Routing problems such as Hamiltonian Path Problem (HPP), seeks a path to visit all the vertices in a graph while minimizing the path cost. This paper studies a variant, HPP with Probabilistic Terminals (HPP-PT), where each vertex has a probability representing the likelihood that the robot's path terminates there, and the objective is to minimize the expected path cost. HPP-PT arises in target object search, where a mobile robot must visit all candidate locations to find an object, and prior knowledge of the object's location is expressed as vertex probabilities. While routing problems have been studied for decades, few of them consider uncertainty as required in this work. The challenge lies not only in optimally ordering the vertices, as in standard HPP, but also in handling history dependency: the expected path cost depends on the order in which vertices were previously visited. This makes many existing methods inefficient or inapplicable. To address the challenge, we propose a search-based approach RPT* with solution optimality guarantees, which leverages dynamic programming in a new state space to bypass the history dependency and novel heuristics to speed up the computation. Building on RPT*, we design a Hierarchical Autonomous Target Search (HATS) system that combines RPT* with either Bayesian filtering for lifelong target search with noisy sensors, or autonomous exploration to find targets in unknown environments. Experiments in both simulation and real robot show that our approach can naturally balance between exploitation and exploration, thereby finding targets more quickly on average than baseline methods.

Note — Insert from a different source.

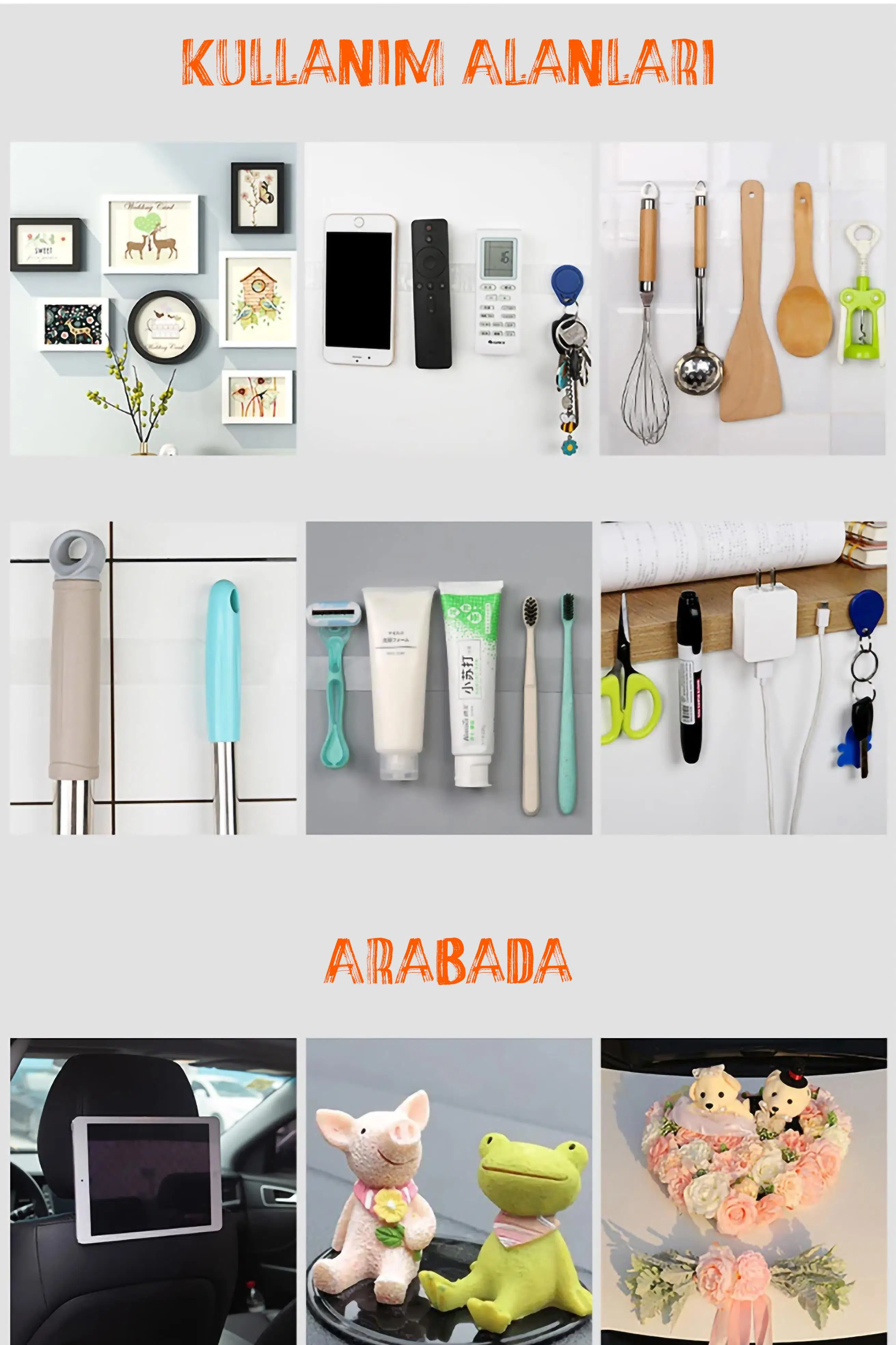 ÇOK İŞLEVLİ KULLANIM - 2 taraflı halı bandı, düz yüzeylerde 1 KG'ye (2,2 LBS) kadar olan öğeleri tutabilir, Cep telefonu, anahtar, kalemler, süslemeler, duvar askıları, mutfak aletleri, dolu boyama veya tablet gibi.

翻译：路由问题如哈密顿路径问题（HPP）旨在寻找访问图中所有顶点且最小化路径成本的路径。本文研究其变体——带概率终端的哈密顿路径问题（HPP-PT），其中每个顶点具有一个概率，表示机器人路径在该处终止的可能性，目标是最小化期望路径成本。HPP-PT 产生于目标物体搜索场景，移动机器人需遍历所有候选位置以寻找物体，而关于物体位置的先验知识以顶点概率形式表达。尽管路由问题已被研究数十年，但少有工作考虑如本文所需的不确定性。其挑战不仅在于如标准 HPP 般优化顶点访问顺序，还在于处理历史依赖性：期望路径成本取决于先前访问顶点的顺序。这使得许多现有方法效率低下或不适用。为应对这一挑战，我们提出一种基于搜索的方法 RPT*，该方法具有解的最优性保证，通过在新状态空间中利用动态规划规避历史依赖性，并采用新颖启发式策略加速计算。基于 RPT*，我们设计了分层自主目标搜索系统，该系统将 RPT* 与贝叶斯滤波（用于带噪声传感器的终身目标搜索）或自主探索（用于未知环境中的目标搜寻）相结合。仿真与真实机器人实验表明，我们的方法能自然平衡利用与探索，从而在平均意义上比基线方法更快地找到目标。